Thallius hat gesagt.:


> Wenn dein Interesse aber eher am wirklichen Erschaffen von Software liegt, dann mach eine Ausbildung als Programmierer.



In unserer Firma wurden vor einiger Zeit mehrere hundert Leute eingestellt, darunter auch viele ausgebildete 'frische' Fachinformatiker.
Mit einigen von denen war ich jetzt schon in Kontakt, einer davon ist auch in unserer Abteilung. Ich hab keinen gesehen, der grundsätzlich besser programmieren konnte als ein fertiger Info-Student.

In der Berufsschule lernt man absolute Basics, im Ausbildungsbetrieb sieht man das im Optimalfall das 'richtige Leben', aber immer nur die Sachen, die in dem Betrieb und der Abteilung gerade gemacht haben. Deswegen haben viele einfach nur gutes Nischenwissen.

Mal abgesehen davon, ist das Gehalt nach einer Ausbildung massiv niedriger, ich würde auf jeden Fall studieren, wenn ich die Wahl hätte


----------



## Javinner (25. Okt 2017)

Trjavnamen hat gesagt.:


> Studium = angehäuftes theoretisches  Allgemeinwissen..

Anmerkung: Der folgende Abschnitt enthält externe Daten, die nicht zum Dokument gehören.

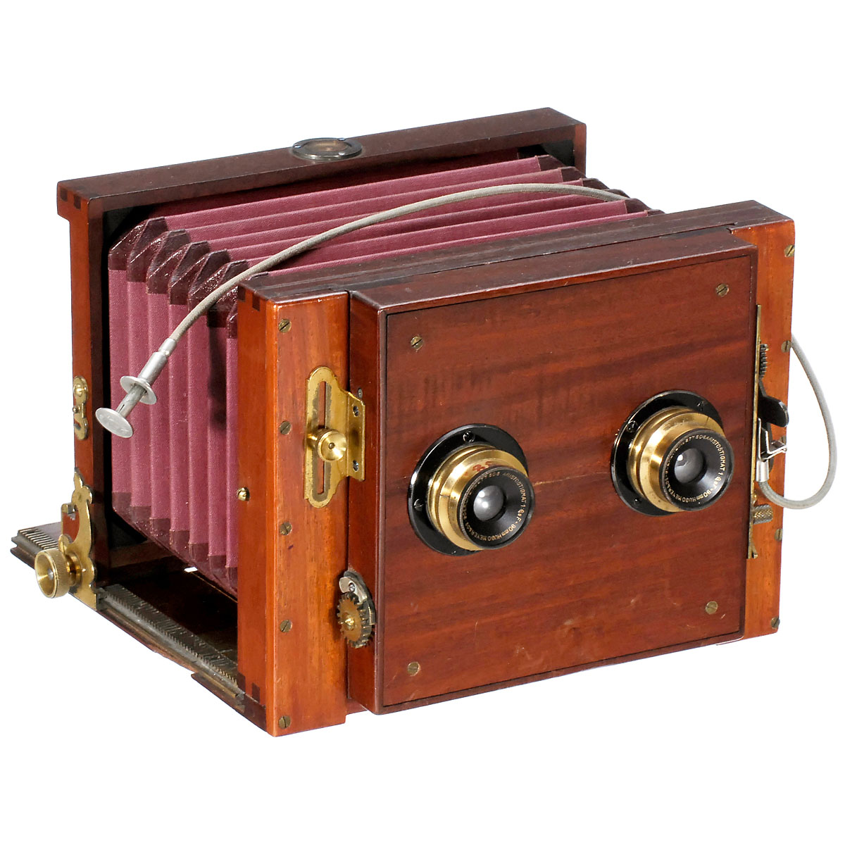 Presumably from England. Plate size 3 ½ x 6 ¼ in., well-preserved mahogany body with unusual brass fittings, dark-red bellows with dark corners, 2 x Aristostigmat 6,8/90 mm with iris stop by Hugo Meyer in Goerlitz, roller-blind shutter with 10 shutter speeds (working sluggishly), shutter-set string missing, focusing screen back. Lens board and baseboard plate with repaired cracks, otherwise in excellent condition.

Es kommt immer auf ein selbst an: ich komme aus dem Metallbereich und
über den Daumen gepeilt kann auch nur jeder zweite Zerspanungsmechaniker programmieren. Woran es liegt? An einem selbst! Ich vermisse die Ernsthaftigkeit und auch die Aufrichtigkeit, einen Beruf, für welchen man sich entschieden hat, ernsthaft zu erlernen um es später auch professionell ausüben zu können. Zumal es in diesem Bereich genug Software(kostenlos) zur Verfügung steht und man nur Ehrgeiz und Interesse mitbringen sollte.
Wenn Fragen auftreten, dann stehen einem in der Firma, aber auch in der Schule genug Leute zur Seite, die es einem erklären können.

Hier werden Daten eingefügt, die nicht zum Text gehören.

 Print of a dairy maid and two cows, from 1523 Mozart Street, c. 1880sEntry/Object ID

Und hier ist es genau so gelagert! Es liegt an einem selbst, womit man sich über die Jahre beschäftigt. Ein klarer Vorteil ist der direkte Kontakt zu Uni- oder FH-Personal, aber auch im Betrieb, und ich bin mir hier sehr sicher, dass in jeder Bildungsstätte es für ambitionierten Studenten vieles leichter ist, als alleine Abends nach der Arbeit sich den Sachen widmen, welche doch schon sehr schwer zu verstehen sind, wenn man sich nicht damit auskennt.

Dieses Halbwissen basiert leider an der mittlerweile sehr laschen Ausbildung!
Ich glaube, seit 2012 ist der Handwerksmeister dem Bachelor gleichgestellt.
Aus meiner Sicht ein Vergleich von Apfel und Birnen!
Ebenso hat sich auch in der Ausbildung was geändert. Hatte man noch Anfang des Jahrtausend Voraussetzungen wie Mindestnote von 2.3(Gesellenbrief) und mindestens 3 Jahre Berufserfahrung mitbringen müssen, so ist es seit mindestens 5 Jahren so, dass man direkt nach dem Gesellenbrief den Meister machen kann, Mindestnote 4.4!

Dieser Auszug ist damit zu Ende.